Tatsache ist: Die Nachfrage nicht nur nach Notebooks und Desktops, sondern auch nach der dahinter liegenden IT-Infrastruktur, steigt weiter und weiter. Stand die digitale Transformation bereits vor der Pandemie ganz oben auf der Agenda vieler IT-Entscheider, so wurde sie im vergangenen Jahr zur echten Überlebensfrage für jedes Unternehmen. Innerhalb kürzester Zeit wurde alles virtuell, Kundenbesuche und Geschäftstermine liefen und laufen fast nur noch Computer-gestützt, und ganze Belegschaften wurden quasi über Nacht zum Arbeiten nach Hause geschickt. Entsprechend kräftig investieren Unternehmen aller Größen und Branchen nun in ihre Digitalisierung und nehmen viel Geld für die Modernisierung und Aufrüstung ihrer IT in die Hand.

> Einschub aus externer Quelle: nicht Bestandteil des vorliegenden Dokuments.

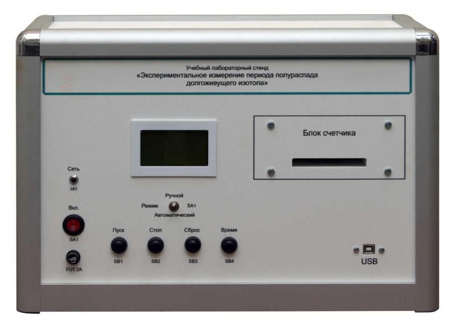 Учебная лабораторная установка «Измерение периода полураспада долгоживущего изотопа» позволяет воспроизвести серии измерений интенсивности излучения от радиоактивного источника 40К в соли KCl (количество актов радиоактивного распада), определить активность изотопа и вычислить период полураспада.
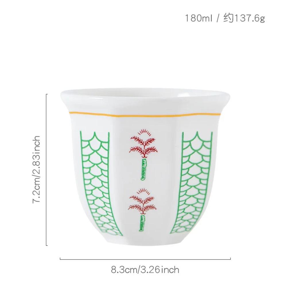 - مزيج الألوان الأحمر والتركواز يمنح الفنجان مظهرًا ملفتًا وفريدًا
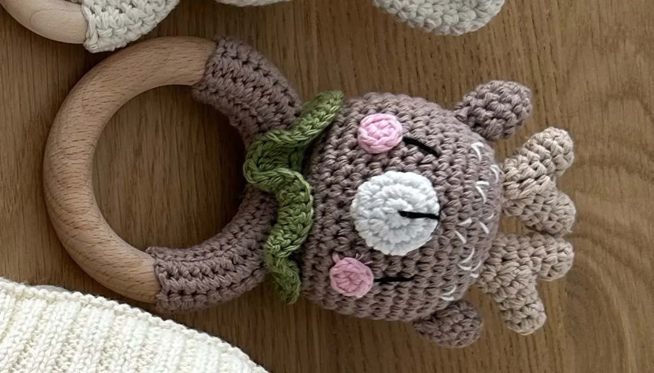 Bunny Woodland Crochet Rattle, a knitted toy with a bunny face, combines soft crochet and wooden elements for sensory exploration. Ideal for infants' tactile development.
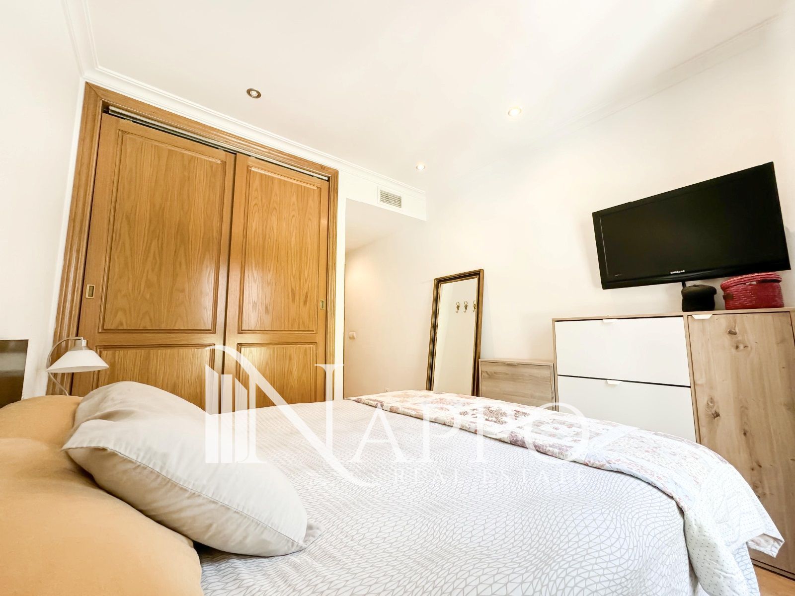 El piso cuenta con un amplio salón comedor con acceso directo a un balcón orientado al sur, lo que te permitirá disfrutar de la luz natural y del clima mediterráneo. La cocina es grande y funcional, con una coladuría adyacente para mayor comodidad. Además, dispone de un baño para invitados, dos habitaciones con armarios empotrados, siendo una de ellas con baño en suite con columna de hidromasaje.
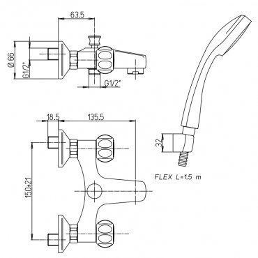 • GABOLI FRATELLI OPEN SPACE BADEWANNE AUFPUTZ MIT HALTERUNG UND HANDBRAUSE
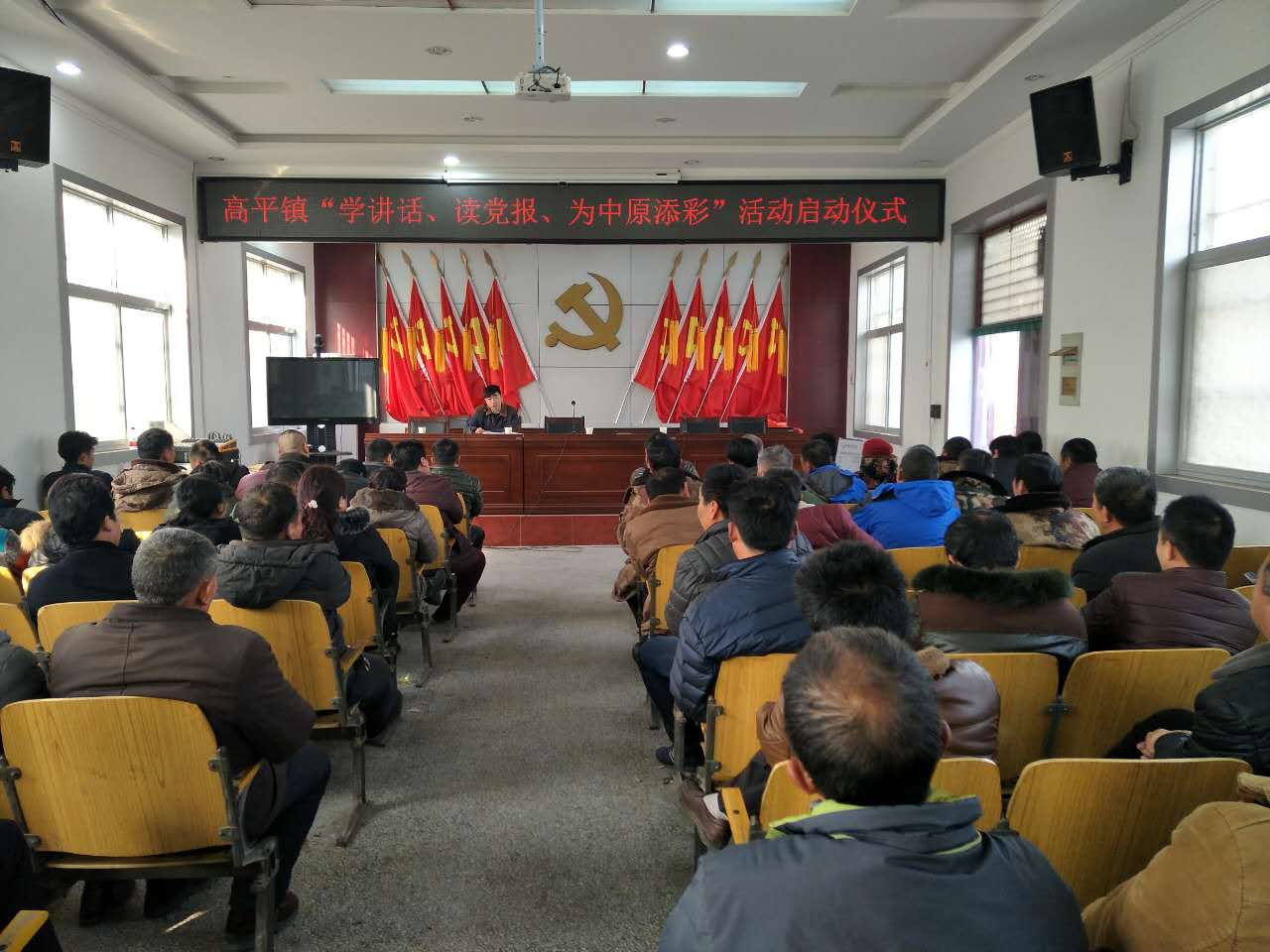 1月12日,高平镇在镇机关大会议室举行了由镇机关全体干部职工参加的“学讲话、读党报、为中原添彩”活动启动仪式。
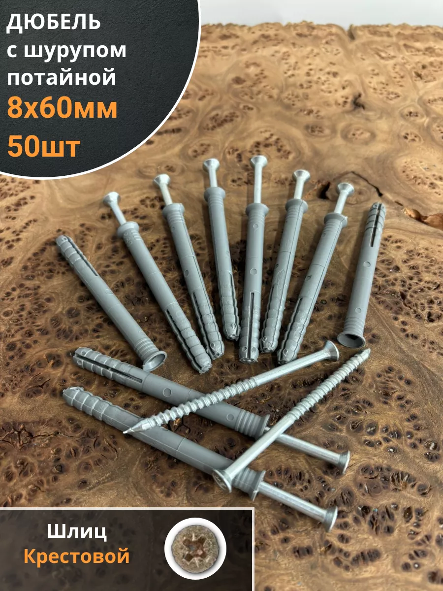 Дюбель с шурупом потайной 8х60
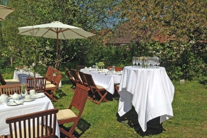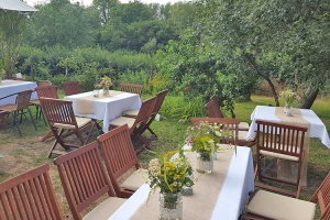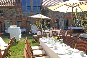 Direkt vor dem großen Saal befindet sich ein liebevoll gestalteter Garten mit Terrasse, in dem man natürlich auch essen und feiern kann – sehen Sie sich dazu bitte die Fotos in unserer Galerie an.

Der richtige Partner ist entscheidend

Was sie dabei neben dem IT-Equipment aber vor allem brauchen, ist ein starker und verlässlicher Technologie-Partner, der nicht nur alles aus einer Hand liefern kann, sondern auch helfend und beratend zur Seite steht. Und genau das tut Dell Technologies.

Seit seiner Gründung vor knapp vier Jahrzehnten hat sich Dell Technologies zu einem umfassenden IT-Komplettanbieter entwickelt und richtet sich mit seinem Angebot an Kund:innen aller Größen – vom privaten Endverbraucher über kleine und mittelständische Unternehmen bis hin zu Großkonzernen und Kunden der öffentlichen Hand. Das Portfolio deckt dabei alle Bereiche der IT ab und reicht vom klassischen Desktop und Notebook über IT-Lösungen für das Rechenzentrum wie Server und Speichersysteme bis zu Software und Lösungen für die Cloud.

Petra Kruis, Marketing Director bei Dell Technologies Deutschland, erklärt uns, welche Herausforderungen Kund:innen gerade hierzulande in Bezug auf ihre Digitalisierungsprojekte meistern, welche Schwerpunkte Dell Technologies in der Ansprache seiner vielfältigen Zielgruppen setzt und welche Rolle eine inklusive Unternehmenskultur und nachhaltiges unternehmerisches Handeln für die Strategieentwicklung im Unternehmen spielen.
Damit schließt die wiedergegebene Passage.